Configure BioCypher behavior

Rationale: The purpose of writing a biocypher_config.yaml is to define how BioCypher should operate for your project—specifying settings for data import, graph creation, and database interaction—all in one place for clarity and easy customization.

File: config/biocypher_config.yaml

#---------------------------------------------------------------
#--------        BIOCYPHER GENERAL CONFIGURATION        --------
#---------------------------------------------------------------
biocypher:
    offline: true
    debug: false
    schema_config_path: config/schema_config.yaml
    cache_directory: .cache

#----------------------------------------------------
#--------        OUTPUT CONFIGURATION        --------
#----------------------------------------------------
neo4j:
    database_name: neo4j
    delimiter: '\t'
    array_delimiter: '|'
    skip_duplicate_nodes: true
    skip_bad_relationships: true
    import_call_bin_prefix: <path to your Neo4j instance from Setup Neo4j section>/bin/

The first block is the BioCypher Core Settings, which starts with biocypher:

key	value	description
`offline`	`true`	Whether to run in offline mode (no running DBMS or in-memory object)
`debug`	`false`	Whether to enable debug logging
`schema_config_path`	`config/schema_config.yaml`	Path to the schema configuration file
`cache_directory`	`.cache`	Path to the schema configuration file

The second block is the Database Management System Settings, which starts with the name of the DBMS, in this case it's neo4j:

key	value	description
`delimiter`	`'\t'`	Field delimiter for TSV import files
`array_delimiter`	`';'`	Delimiter for array values
`skip_duplicate_nodes`	`true`	Whether to skip duplicate nodes during import
`skip_bad_relationships`	`true`	Whether to skip relationships with missing endpoints
`import_call_bin_prefix`	i.e., `/usr/bin/`	Prefix for the import command binary (optional)

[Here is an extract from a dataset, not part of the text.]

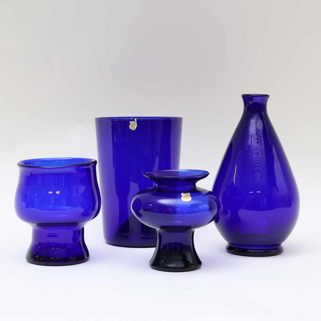 4898776. GULLASKRUF, vases 4pcs, blue tinted glass.

The import_call_bin_prefix is the path to your Neo4j instance that you looked up in section Setup Neo4j together with the prefix /bin.

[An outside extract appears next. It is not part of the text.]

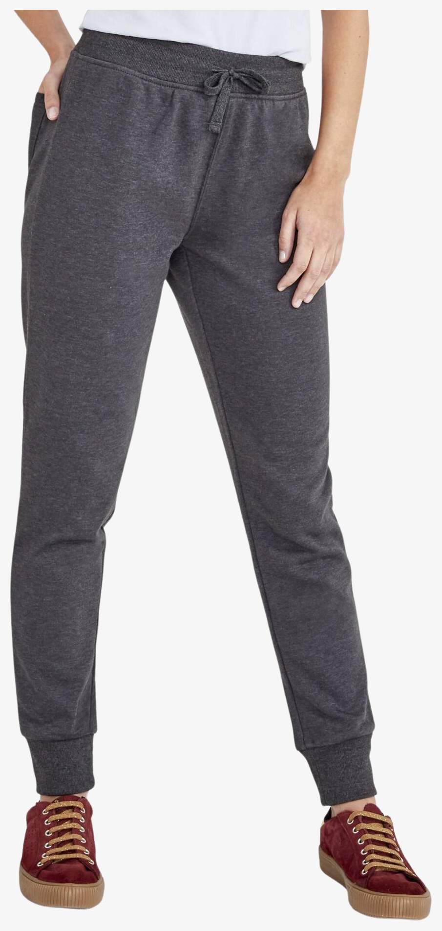 Spodnie dresowe damskie slim Jake Women wykonane z materiału drapanego 50% bawełna 50% poliester zapewniają miękki i wygodny materiał. Posiadają tylną naszywaną kieszeń oraz sznurek w talii dla regulowanego dopasowania. Dół nogawek wykończony ściągaczem 2X2.

The default configuration that comes with BioCypher and more configuration parameters for the Settings are listed in BioCypher Configuration Reference.

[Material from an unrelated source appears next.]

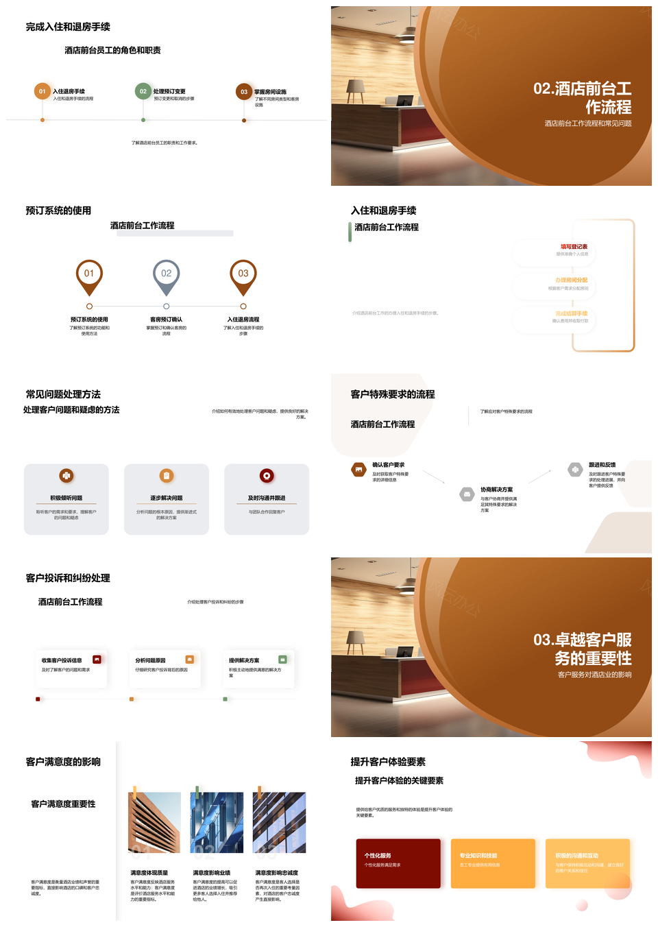 这是一张酒店前台员工接待解答投诉处理培训PPT模板,包含酒店、前台、员工、接待、解答、投诉、处理、培训等主题内容,也可用作酒店前台员工接待解答投诉处理培训、酒店前台员工接待解答投诉、前台员工接待解答投诉处理、员工接待解答投诉处理培训、酒店前台接待解答投诉处理、前台接待解答投诉处理培训、接待解答投诉处理培训、酒店前台员工接待解答、前台员工接待解答投诉、员工接待解答投诉处理、酒店前台接待解答投诉、前台接待解答投诉处理、接待解答投诉处理、酒店前台员工培训、投诉处理培训等PPT场景使用。

📝 Exercise: Revise and complete the biocypher_config.yaml file, and make sure it is located in the config folder.

Answer:

See the example below for a completed biocypher_config.yaml. Note, the path in the import_call_bin_prefix correspond to my personal instance, you MUST update this path with yours, do not forget to add /bin/ as in my example

File: biocypher_config.yaml

#---------------------------------------------------------------
#--------        BIOCYPHER GENERAL CONFIGURATION        --------
#---------------------------------------------------------------
biocypher:
    offline: true
    debug: false
    schema_config_path: config/schema_config.yaml
    cache_directory: .cache

#----------------------------------------------------
#--------        OUTPUT CONFIGURATION        --------
#----------------------------------------------------
neo4j:
    database_name: neo4j
    delimiter: '\t'
    array_delimiter: '|'
    skip_duplicate_nodes: true
    skip_bad_relationships: true
    import_call_bin_prefix: /home/egcarren/.config/neo4j-desktop/Application/Data/dbmss/dbms-08155706-b96e-4e74-a965-7d6d27b78db8/bin/

Step 2. Create an adapter

Rationale: An adapter allows you to efficiently transform, integrate, combine data from different sources ensuring compatibility with BioCypher's schema and streamlining the import process.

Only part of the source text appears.